[[ Record excerpts open ]]

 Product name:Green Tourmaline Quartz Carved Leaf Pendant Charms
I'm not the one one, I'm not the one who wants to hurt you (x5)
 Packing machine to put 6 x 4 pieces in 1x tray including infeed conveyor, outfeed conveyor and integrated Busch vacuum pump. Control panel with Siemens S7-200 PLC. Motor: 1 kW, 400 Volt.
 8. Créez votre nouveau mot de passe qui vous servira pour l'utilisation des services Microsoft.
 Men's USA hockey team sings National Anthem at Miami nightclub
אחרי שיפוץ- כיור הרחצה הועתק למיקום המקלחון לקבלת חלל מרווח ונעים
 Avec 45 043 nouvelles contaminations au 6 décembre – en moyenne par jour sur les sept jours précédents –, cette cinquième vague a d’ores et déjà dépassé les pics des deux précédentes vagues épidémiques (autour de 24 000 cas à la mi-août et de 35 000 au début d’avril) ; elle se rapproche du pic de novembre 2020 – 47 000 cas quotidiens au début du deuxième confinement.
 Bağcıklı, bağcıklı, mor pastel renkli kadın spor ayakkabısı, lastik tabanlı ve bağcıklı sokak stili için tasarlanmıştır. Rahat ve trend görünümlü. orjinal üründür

[[ Record excerpts closed ]]
[[ Record excerpts open ]]

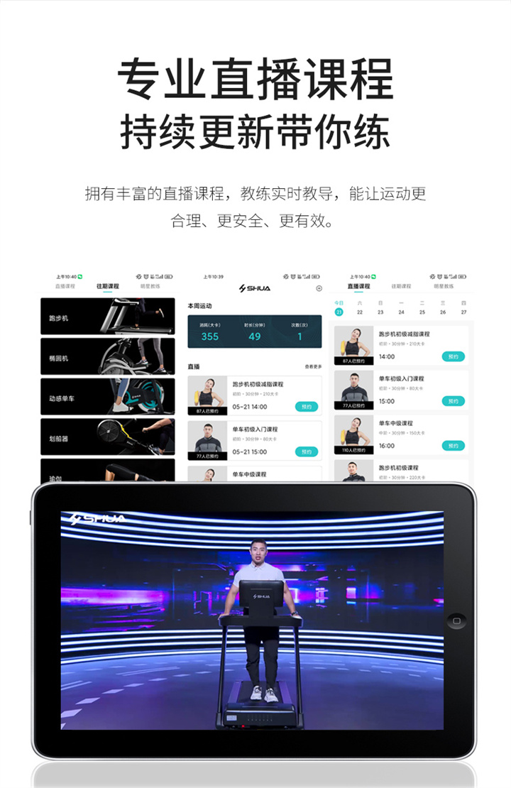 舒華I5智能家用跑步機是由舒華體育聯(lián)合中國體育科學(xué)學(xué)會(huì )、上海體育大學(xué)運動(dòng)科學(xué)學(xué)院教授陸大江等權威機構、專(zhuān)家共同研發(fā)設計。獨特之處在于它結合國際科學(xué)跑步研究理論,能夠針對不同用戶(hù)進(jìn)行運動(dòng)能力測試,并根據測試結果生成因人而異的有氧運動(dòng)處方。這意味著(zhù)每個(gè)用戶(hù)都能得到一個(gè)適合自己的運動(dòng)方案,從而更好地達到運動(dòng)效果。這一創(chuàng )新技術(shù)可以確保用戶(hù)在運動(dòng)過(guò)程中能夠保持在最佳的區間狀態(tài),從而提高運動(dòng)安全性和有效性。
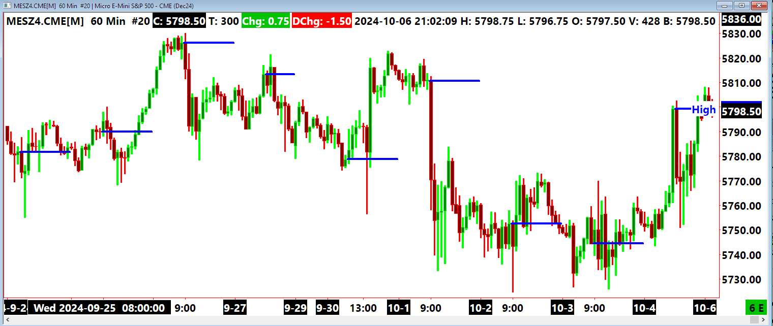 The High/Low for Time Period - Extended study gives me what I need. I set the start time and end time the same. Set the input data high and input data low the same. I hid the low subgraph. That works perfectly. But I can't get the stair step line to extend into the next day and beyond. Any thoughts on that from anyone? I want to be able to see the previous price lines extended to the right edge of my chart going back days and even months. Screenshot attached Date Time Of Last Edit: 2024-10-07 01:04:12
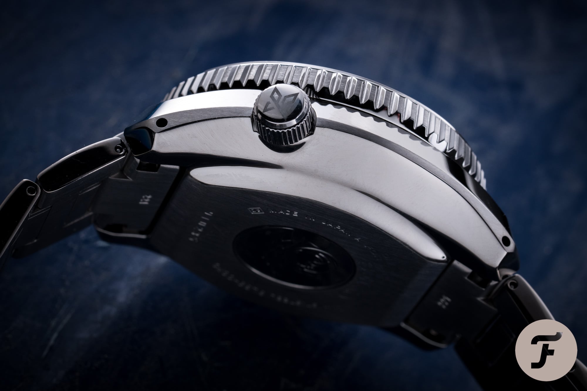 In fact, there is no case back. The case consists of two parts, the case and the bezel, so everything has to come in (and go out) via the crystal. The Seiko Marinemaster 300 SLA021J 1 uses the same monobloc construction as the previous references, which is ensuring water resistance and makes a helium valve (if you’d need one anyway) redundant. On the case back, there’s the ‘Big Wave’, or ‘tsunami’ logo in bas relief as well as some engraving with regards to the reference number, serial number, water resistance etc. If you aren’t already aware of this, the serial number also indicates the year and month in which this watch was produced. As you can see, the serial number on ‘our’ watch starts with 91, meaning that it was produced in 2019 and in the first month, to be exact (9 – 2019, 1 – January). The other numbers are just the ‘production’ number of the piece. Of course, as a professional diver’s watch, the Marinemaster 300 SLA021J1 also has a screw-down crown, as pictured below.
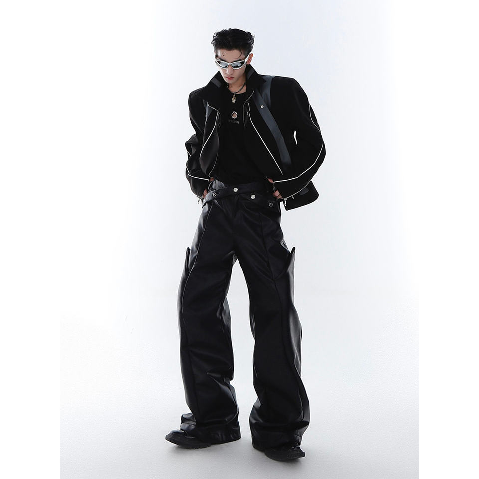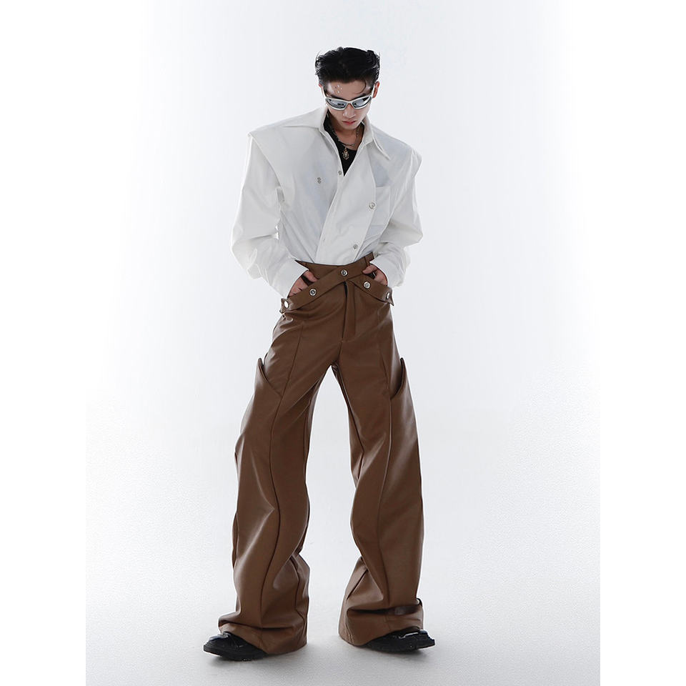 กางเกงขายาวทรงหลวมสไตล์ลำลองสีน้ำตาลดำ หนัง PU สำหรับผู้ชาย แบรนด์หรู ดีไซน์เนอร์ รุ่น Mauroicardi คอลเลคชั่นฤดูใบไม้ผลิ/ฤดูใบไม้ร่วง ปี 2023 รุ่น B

[[ Record excerpts closed ]]
[[ Record excerpts open ]]

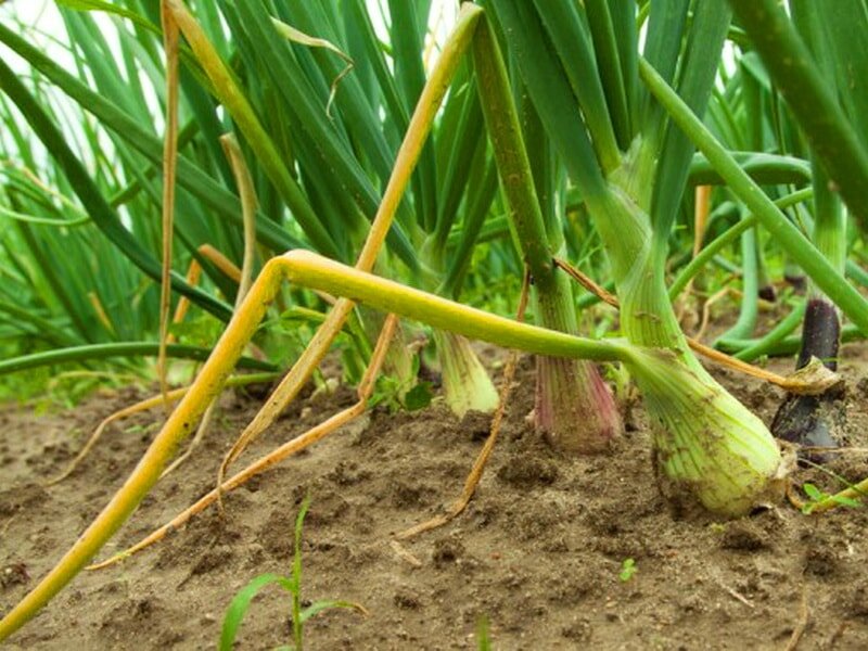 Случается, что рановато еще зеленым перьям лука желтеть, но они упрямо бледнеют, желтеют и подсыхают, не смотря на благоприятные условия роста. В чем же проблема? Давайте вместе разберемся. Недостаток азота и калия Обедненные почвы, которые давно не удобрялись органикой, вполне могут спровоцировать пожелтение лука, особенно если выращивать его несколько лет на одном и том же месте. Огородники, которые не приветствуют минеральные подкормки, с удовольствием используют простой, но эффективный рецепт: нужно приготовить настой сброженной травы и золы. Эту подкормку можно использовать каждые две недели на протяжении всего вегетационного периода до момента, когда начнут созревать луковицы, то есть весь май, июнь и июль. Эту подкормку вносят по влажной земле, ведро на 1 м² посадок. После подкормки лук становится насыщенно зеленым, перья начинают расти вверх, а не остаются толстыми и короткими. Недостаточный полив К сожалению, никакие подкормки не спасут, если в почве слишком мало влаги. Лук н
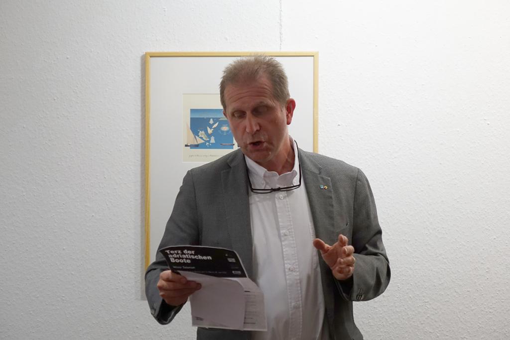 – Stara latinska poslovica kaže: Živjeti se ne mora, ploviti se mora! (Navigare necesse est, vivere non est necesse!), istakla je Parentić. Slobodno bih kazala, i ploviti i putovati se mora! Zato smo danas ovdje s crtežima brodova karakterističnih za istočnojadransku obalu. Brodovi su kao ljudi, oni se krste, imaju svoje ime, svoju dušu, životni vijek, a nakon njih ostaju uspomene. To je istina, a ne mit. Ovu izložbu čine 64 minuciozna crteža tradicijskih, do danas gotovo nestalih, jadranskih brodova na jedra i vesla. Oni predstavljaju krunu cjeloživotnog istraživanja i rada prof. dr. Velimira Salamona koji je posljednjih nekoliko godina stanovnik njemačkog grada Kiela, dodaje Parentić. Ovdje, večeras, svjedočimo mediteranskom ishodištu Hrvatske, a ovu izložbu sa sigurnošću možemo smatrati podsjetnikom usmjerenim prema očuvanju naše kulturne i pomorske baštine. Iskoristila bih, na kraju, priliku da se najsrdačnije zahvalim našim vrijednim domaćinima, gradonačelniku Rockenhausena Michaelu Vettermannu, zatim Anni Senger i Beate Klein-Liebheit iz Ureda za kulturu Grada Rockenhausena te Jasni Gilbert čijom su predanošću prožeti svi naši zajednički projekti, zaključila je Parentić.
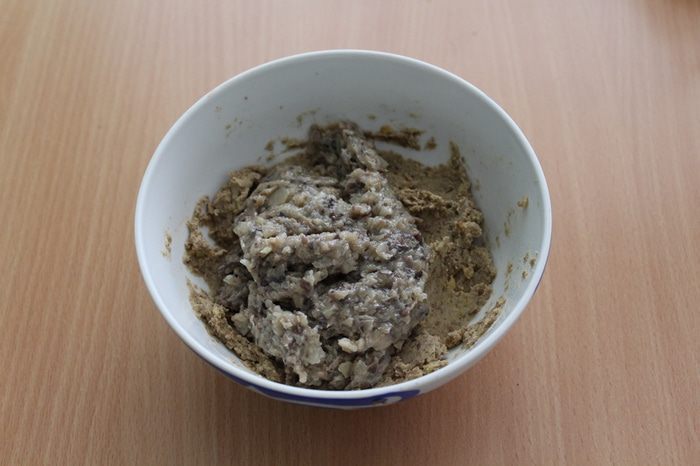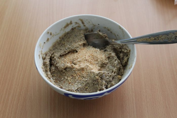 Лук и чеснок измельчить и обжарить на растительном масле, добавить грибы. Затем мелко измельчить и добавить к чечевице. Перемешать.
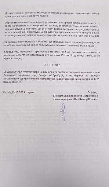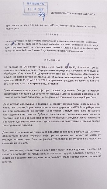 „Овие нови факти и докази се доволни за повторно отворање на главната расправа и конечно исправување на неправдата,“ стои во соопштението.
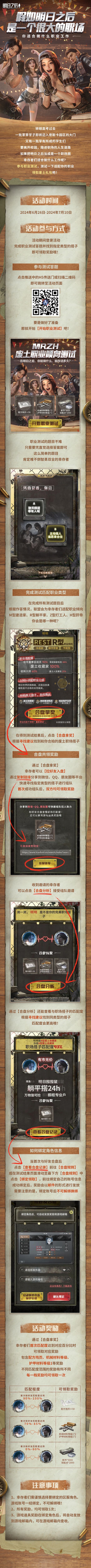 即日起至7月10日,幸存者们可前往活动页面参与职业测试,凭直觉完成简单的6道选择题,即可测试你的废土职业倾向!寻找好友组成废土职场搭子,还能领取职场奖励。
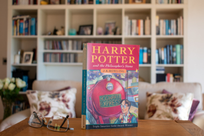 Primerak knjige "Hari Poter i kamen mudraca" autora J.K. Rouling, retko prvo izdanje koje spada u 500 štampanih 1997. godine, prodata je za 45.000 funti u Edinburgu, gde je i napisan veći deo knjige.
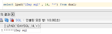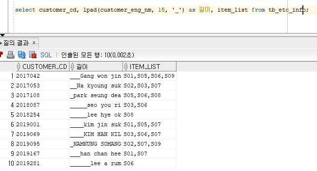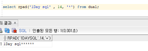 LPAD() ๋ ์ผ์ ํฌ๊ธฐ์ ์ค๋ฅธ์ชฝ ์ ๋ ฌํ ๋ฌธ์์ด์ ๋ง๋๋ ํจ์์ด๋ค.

[[ Record excerpts closed ]]

Task details. In the entries above, find the line with "Product name:Green Tourmaline" and the line with "Bağcıklı, bağcıklı, mor", then restate word for word both of them and every line between, with nothing more.

Output for this task.
 Product name:Green Tourmaline Quartz Carved Leaf Pendant Charms
I'm not the one one, I'm not the one who wants to hurt you (x5)
 Packing machine to put 6 x 4 pieces in 1x tray including infeed conveyor, outfeed conveyor and integrated Busch vacuum pump. Control panel with Siemens S7-200 PLC. Motor: 1 kW, 400 Volt.
 8. Créez votre nouveau mot de passe qui vous servira pour l'utilisation des services Microsoft.
 Men's USA hockey team sings National Anthem at Miami nightclub
אחרי שיפוץ- כיור הרחצה הועתק למיקום המקלחון לקבלת חלל מרווח ונעים
 Avec 45 043 nouvelles contaminations au 6 décembre – en moyenne par jour sur les sept jours précédents –, cette cinquième vague a d’ores et déjà dépassé les pics des deux précédentes vagues épidémiques (autour de 24 000 cas à la mi-août et de 35 000 au début d’avril) ; elle se rapproche du pic de novembre 2020 – 47 000 cas quotidiens au début du deuxième confinement.
 Bağcıklı, bağcıklı, mor pastel renkli kadın spor ayakkabısı, lastik tabanlı ve bağcıklı sokak stili için tasarlanmıştır. Rahat ve trend görünümlü. orjinal üründür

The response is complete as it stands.